Remember that although you are going out to exercise, your expedition is also a training opportunity. If your horse is worried about a particular object or obstacle, be patient. You may want to allow him to investigate it until he is convinced it is not a big deal, or you may choose to keep him in motion and his attention on what you are asking him to do. Act as if the object is of no real interest or concern, rather than allowing him to get himself worked up. Work with him at a comfortable distance from the object (ask him to move his hips over, lower his head, and make small requests that will help him transfer his focus to you). With time, fewer and fewer obstacles will spook him. He’ll learn to take his cues from you.

When leaving buddies behind in the pasture, some horses will challenge your ground control of them. Be prepared to work through panic behaviors, such as kicking, rearing, jerking, and attempting to pull away. Focus on moving your horse’s feet, changing directions, and speeding up his feet until he gets emotional control and turns his attention back to you. Concentrate on what you want your horse to do, not on the negative behavior, and be sure to keep yourself out of harm’s way. For more information on dealing with dangerous separation anxiety, see “Ask Perfect Horse” in the April 2008 issue.

Similarly, remember that as you return home from your workout, your horse may anticipate and try to hurry. A wise horseperson will go a short distance past home and then turn around and head back to the barn to prevent barn sour habits from forming.

Of course, these outings also have social implications, too. When you stop to speak with passersby and neighbors, it’s good practice for your horse to stand still and be patient. The ability to stand quietly and calmly is an essential skill for any horse. Take advantage of the opportunity to refine it. Stroke your horse. Give him slack. Make it pleasant. What’s more, your horse needs to stand quietly while traffic or other obstacles pass, so work on standing still when you’re at home and whenever the opportunity presents itself in a safe setting.

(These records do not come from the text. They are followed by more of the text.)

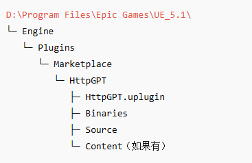 我把HttpGPT 目录拷贝到 D:\Program Files\Epic Games\UE_5.1\Engine\Plugins\Marketplace
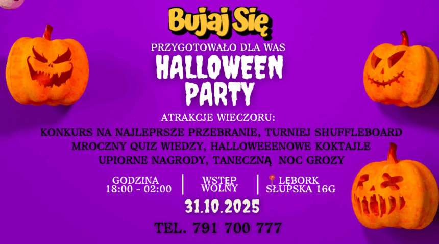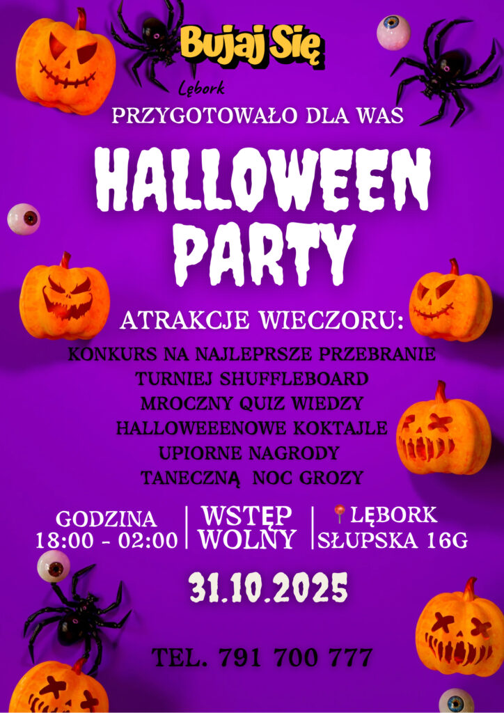 Już jutro (31.10) Lębork opanuje halloweenowa gorączka! Bujaj Się Lębork zaprasza wszystkich miłośników dobrej zabawy na wyjątkową imprezę, która połączy śmiech, muzykę, rywalizację i oczywiście – halloweenowy klimat
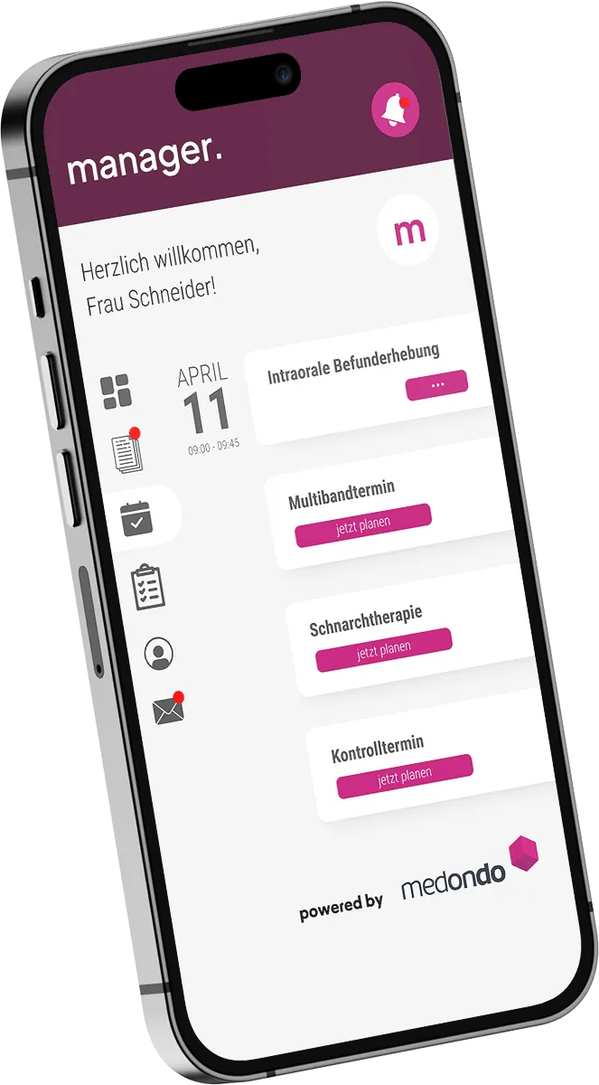 Ja, im medondo manager können Sie jederzeit einsehen, ob und wann Patient:innen Termine geplant haben. Im digitalen Terminkalender sind alle Termine übersichtlich dargestellt – inklusive Status wie „vereinbart“, „wahrgenommen“ oder „nicht erschienen“. So behält Ihr Praxisteam den Überblick über alle Behandlungsverläufe.
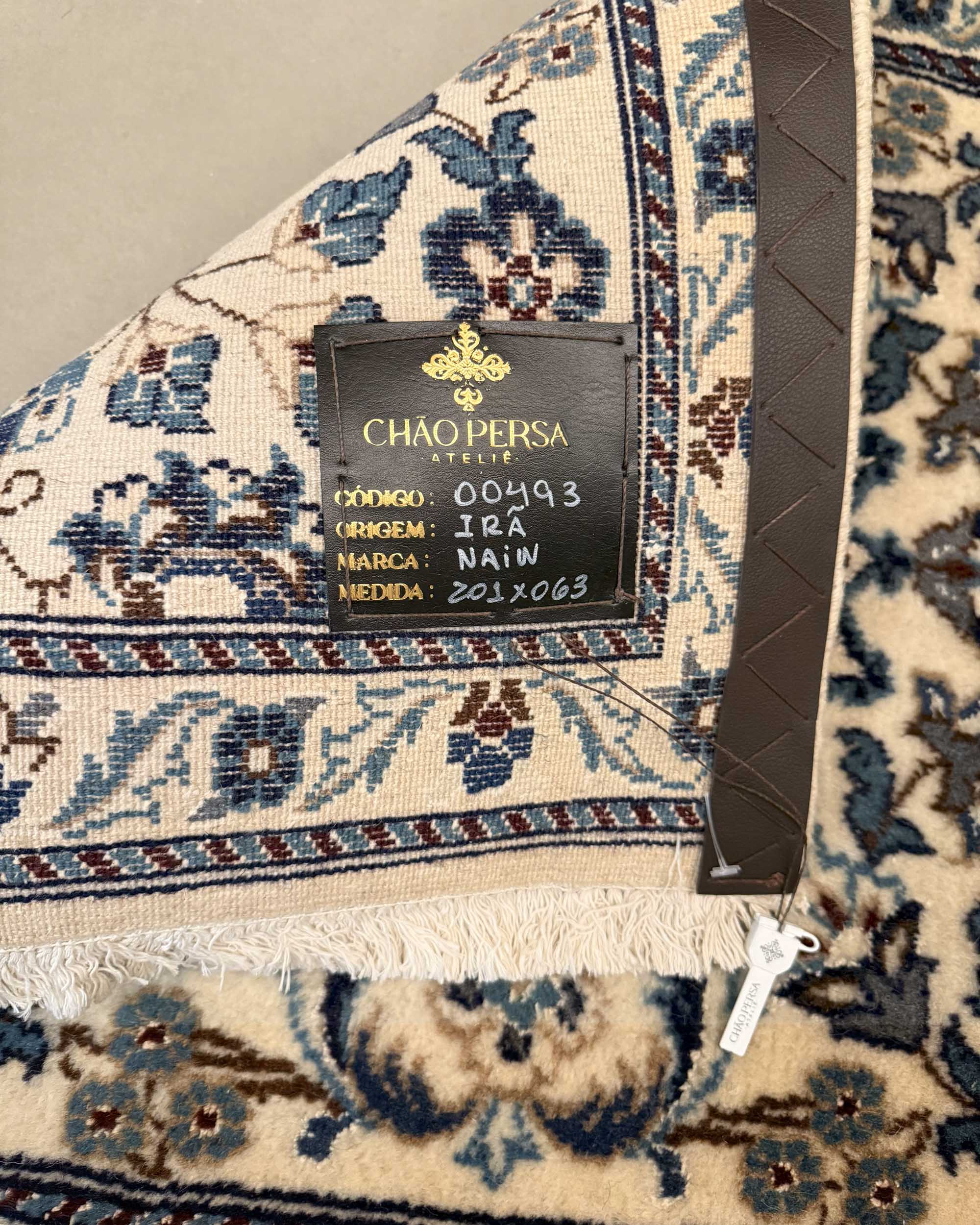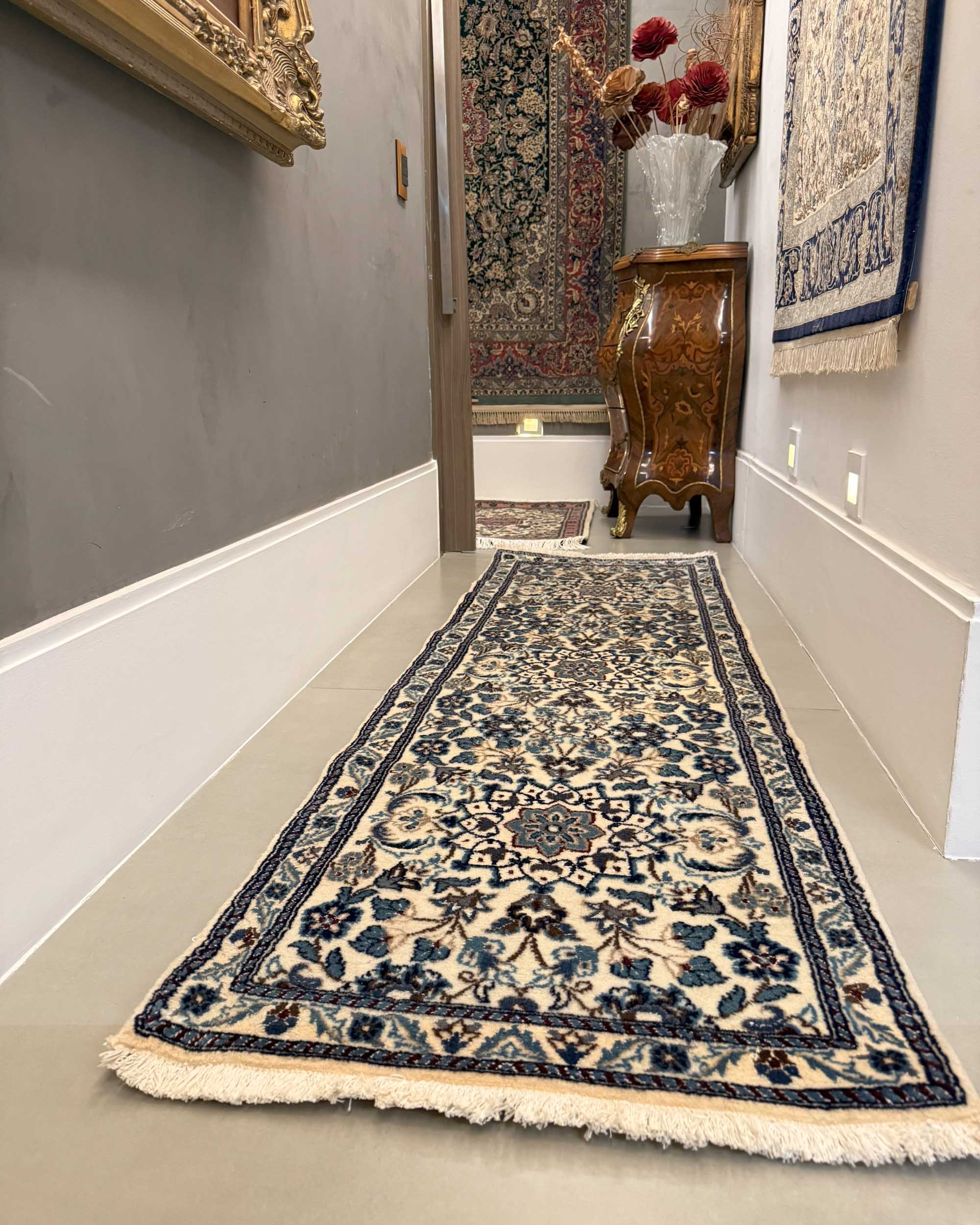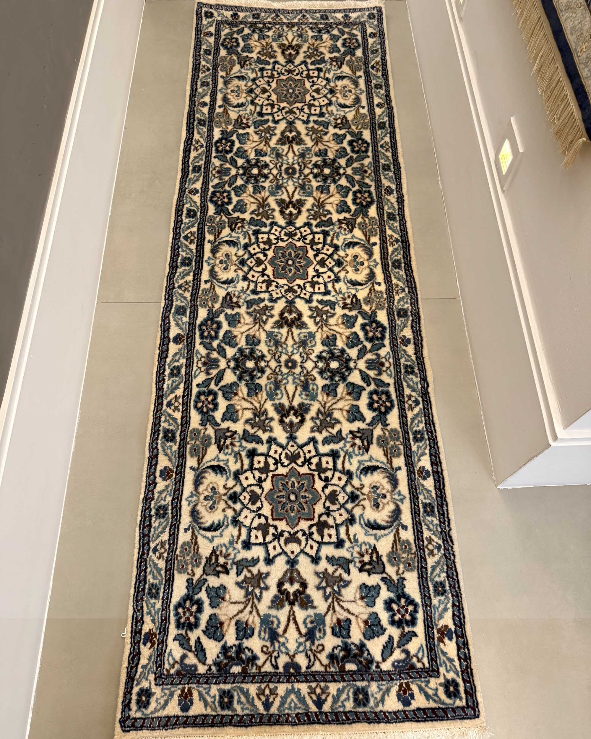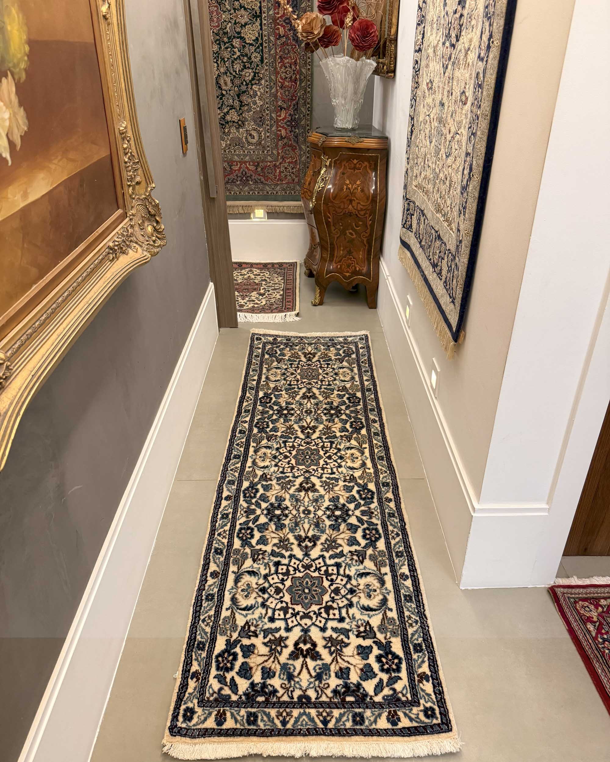 Esta elegante passadeira persa Nain é um exemplo da sofisticação que consagrou a cidade homônima como referência mundial em tapeçaria. Tecida à mão com lã de altíssima qualidade, apresenta um fundo em marfim suave, ornamentado por motivos florais em azul-marinho, azul-celeste e toques de marrom, criando um contraste refinado e harmonioso.

You should also be able to lead your horse from both sides. This will take lots of practice. When you put your horse on one side, he should stay there and not try to trot circles around you. At first, standing and leading from the “off-side” will feel awkward.

Mix It Up, Add Some Fun
Begin to increase the distance and/or speed of your workout. Take a look at your journal. Add up the mileage you cover over the weeks and months. How fast should you be equi-cizing? How much distance do you want to cover? How much variation do you want to build into your plan? Answers to these questions will depend on your commitment to exercise and your goals for you and your horse.

Your horse will learn to look to you for clues when to start walking or trotting and when to stop. Later on, you might notice him speeding his feet up and slowing them down in time to your feet. Make a game of it-can the horse read your body language and transition directly to a trot from a standstill? Can he learn to slow and stop in coordination with your body?

Add some calisthenics to your exercise regimen. Every half-mile or so, stop your horse and use him as a “dance bar” partner for stretching, leg lifts, butt crunchers, and quad steps. Perform a certain number of jumping jacks, arm circles, abdominal twists, and other standing movements. Make sure you’ve done your sacking out training, so you don’t startle your horse and send him racing home. He should stand quietly. Performing exercises at regular stops will acclimate him to your exercise movements and he’ll come to accept it as just another part of the routine. The better your rhythm, the faster the horse will get used to swinging arms and the sound of feet slapping on the pavement.

Equi-cizing Pays Off
Equi-cizing can provide an interesting change of scenery and opportunities to improve your horse’s responsiveness to your cues. It also gives you a chance to develop your own leading skills and confidence. And maybe best of all, it eliminates those complaints we mentioned at the beginning. Taking your horse along for the walk or run is never boring and allows you to combine exercise, training, and quality time spent with your horse.